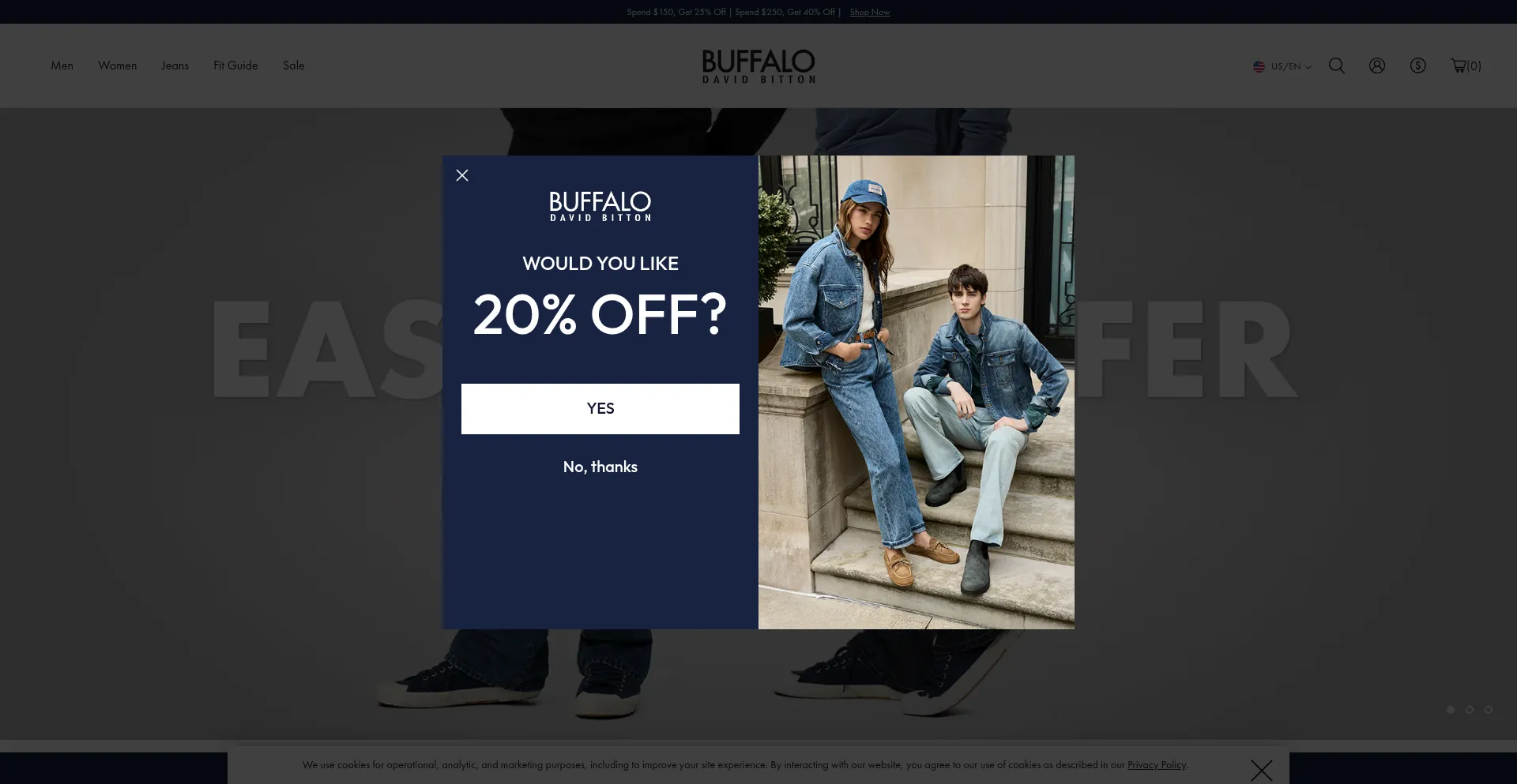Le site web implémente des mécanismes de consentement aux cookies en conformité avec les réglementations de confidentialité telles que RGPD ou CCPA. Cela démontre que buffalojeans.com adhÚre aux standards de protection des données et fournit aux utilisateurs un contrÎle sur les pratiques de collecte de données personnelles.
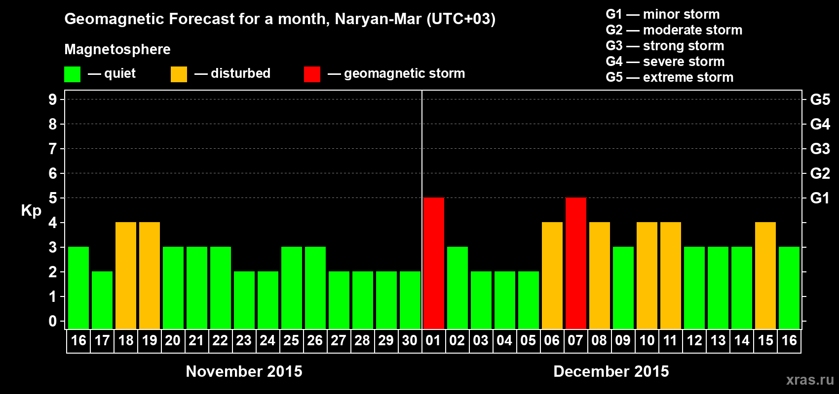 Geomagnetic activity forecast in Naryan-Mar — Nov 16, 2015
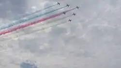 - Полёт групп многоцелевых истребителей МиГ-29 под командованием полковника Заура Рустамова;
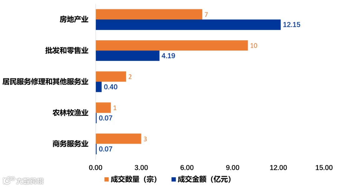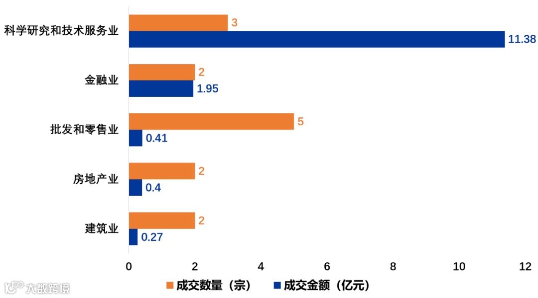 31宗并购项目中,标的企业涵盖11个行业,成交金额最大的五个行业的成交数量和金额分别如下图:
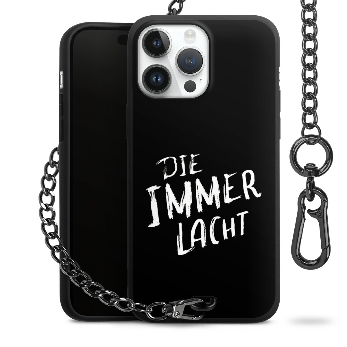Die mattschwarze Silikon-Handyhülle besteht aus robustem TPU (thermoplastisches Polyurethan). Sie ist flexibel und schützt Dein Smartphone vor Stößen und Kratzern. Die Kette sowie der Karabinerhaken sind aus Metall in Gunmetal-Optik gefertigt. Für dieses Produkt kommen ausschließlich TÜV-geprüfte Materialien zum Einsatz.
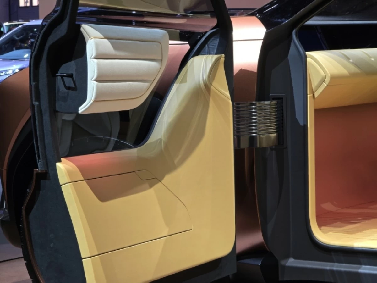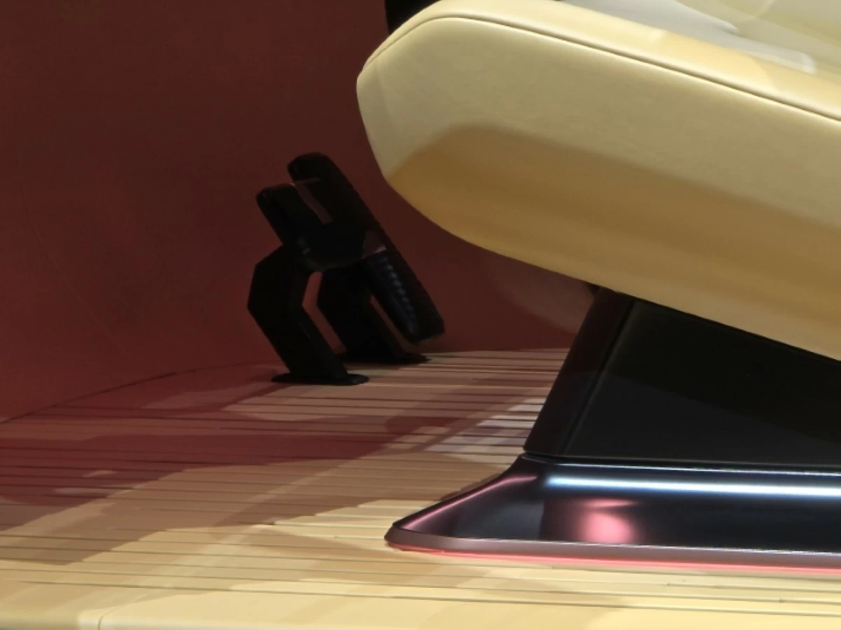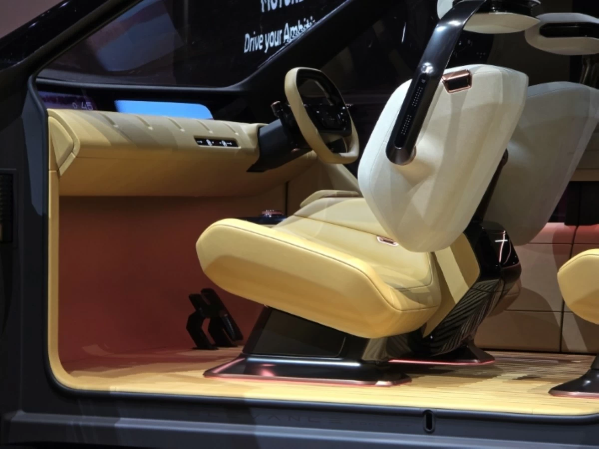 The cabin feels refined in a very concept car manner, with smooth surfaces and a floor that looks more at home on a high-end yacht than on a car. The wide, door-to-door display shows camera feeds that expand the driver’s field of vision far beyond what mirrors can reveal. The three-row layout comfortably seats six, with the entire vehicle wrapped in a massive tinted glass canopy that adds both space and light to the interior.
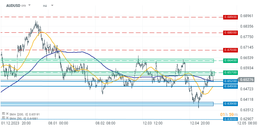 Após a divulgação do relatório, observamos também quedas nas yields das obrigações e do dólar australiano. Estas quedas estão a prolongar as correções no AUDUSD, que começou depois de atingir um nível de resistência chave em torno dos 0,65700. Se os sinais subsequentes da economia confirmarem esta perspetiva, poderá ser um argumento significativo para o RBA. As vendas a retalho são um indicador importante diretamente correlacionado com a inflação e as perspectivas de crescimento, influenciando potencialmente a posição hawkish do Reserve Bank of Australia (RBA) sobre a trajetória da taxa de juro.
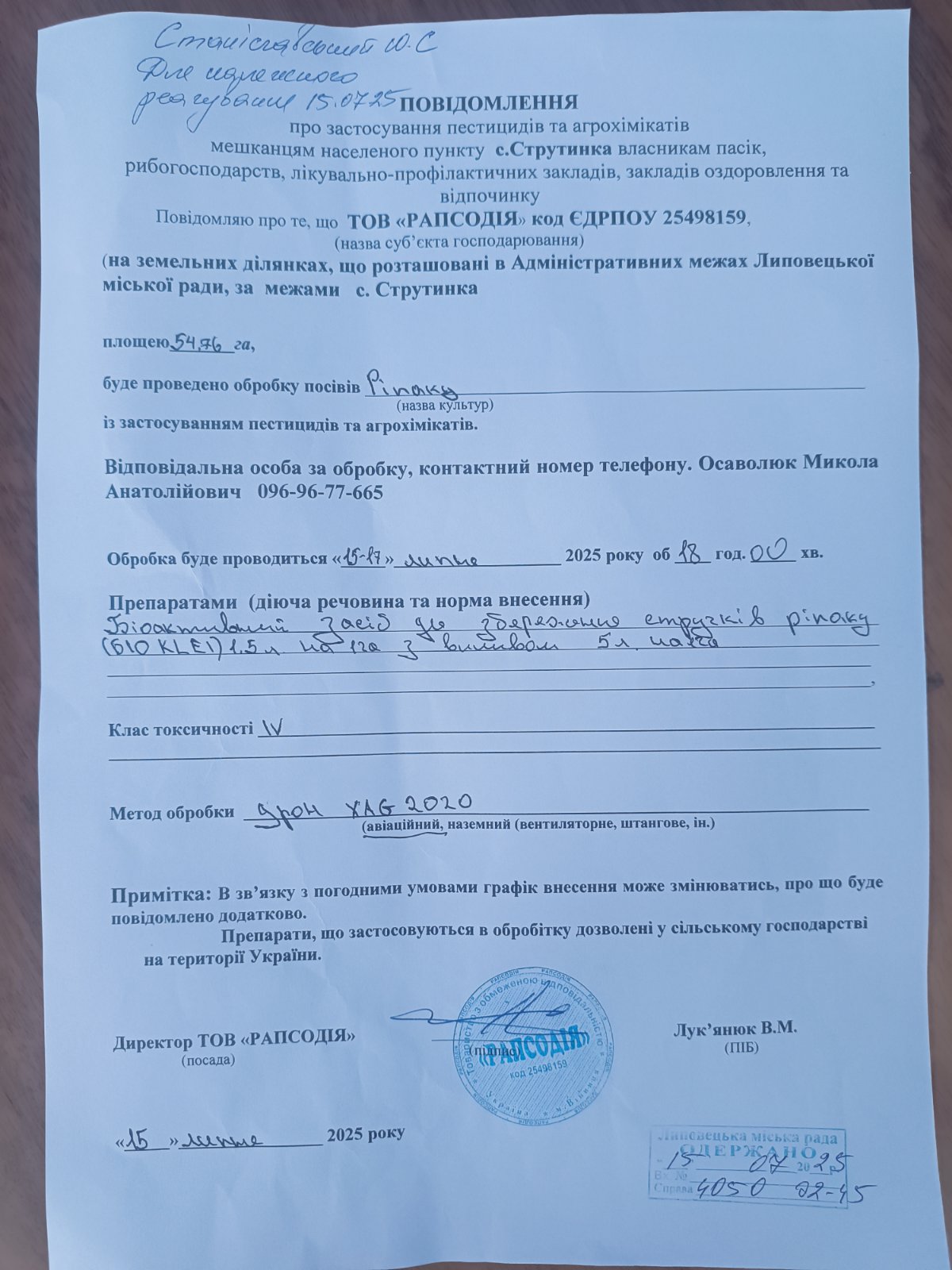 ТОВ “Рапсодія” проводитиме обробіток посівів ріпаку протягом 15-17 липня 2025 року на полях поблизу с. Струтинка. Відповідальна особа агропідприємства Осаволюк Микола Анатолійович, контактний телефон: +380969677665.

* * * *

* **Task description**
Up to and including the line that holds "Geomagnetic activity forecast", restate word for word each line of the records from their start, and only those lines, leaving out the pictures.

* **Solution for this exercise**
Le site web implémente des mécanismes de consentement aux cookies en conformité avec les réglementations de confidentialité telles que RGPD ou CCPA. Cela démontre que buffalojeans.com adhÚre aux standards de protection des données et fournit aux utilisateurs un contrÎle sur les pratiques de collecte de données personnelles.
 Geomagnetic activity forecast in Naryan-Mar — Nov 16, 2015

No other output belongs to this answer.